Implementing a custom backend

To add a new storage backend, subclass Writer and implement the four abstract members:

from sunflare.storage import Writer, FrameSink
import numpy.typing as npt


class MyWriter(Writer):

    @property
    def mimetype(self) -> str:
        return "application/x-myformat"

    def prepare(self, name: str, capacity: int = 0) -> FrameSink:
        # backend-specific setup for this source ...
        return super().prepare(name, capacity)  # (1)

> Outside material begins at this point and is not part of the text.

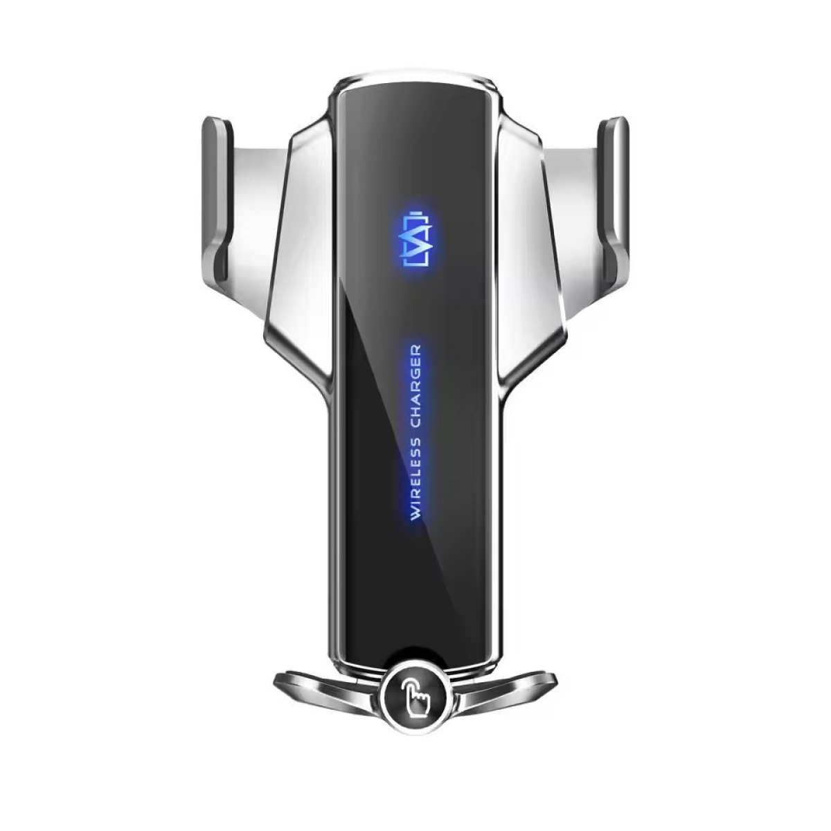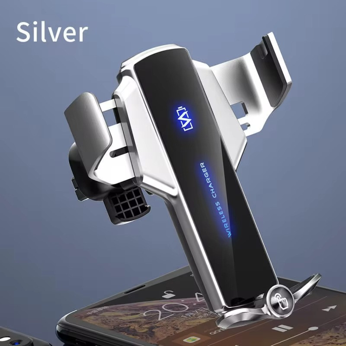 Автотримач для телефона з вбудованим акумулятором і бездротовою зарядкою 15W JP9, Type-C, сріблястий

    def kickoff(self) -> None:
        if self.is_open:
            return
        # open your backend here ...
        super().kickoff()  # (2)

    def _write_frame(self, name: str, frame: npt.NDArray) -> None:
        # write one frame to the backend under the key for `name`
        ...

    def _finalize(self) -> None:
        # close the backend; called automatically when all sinks are done
        ...
  1. super().prepare() resets per-source counters and returns the bound FrameSink — always call it.
  2. super().kickoff() sets is_open — always call it.

Warning

_write_frame is called by FrameSink.write under the writer lock. Do not acquire the lock again inside _write_frame or call any method that does.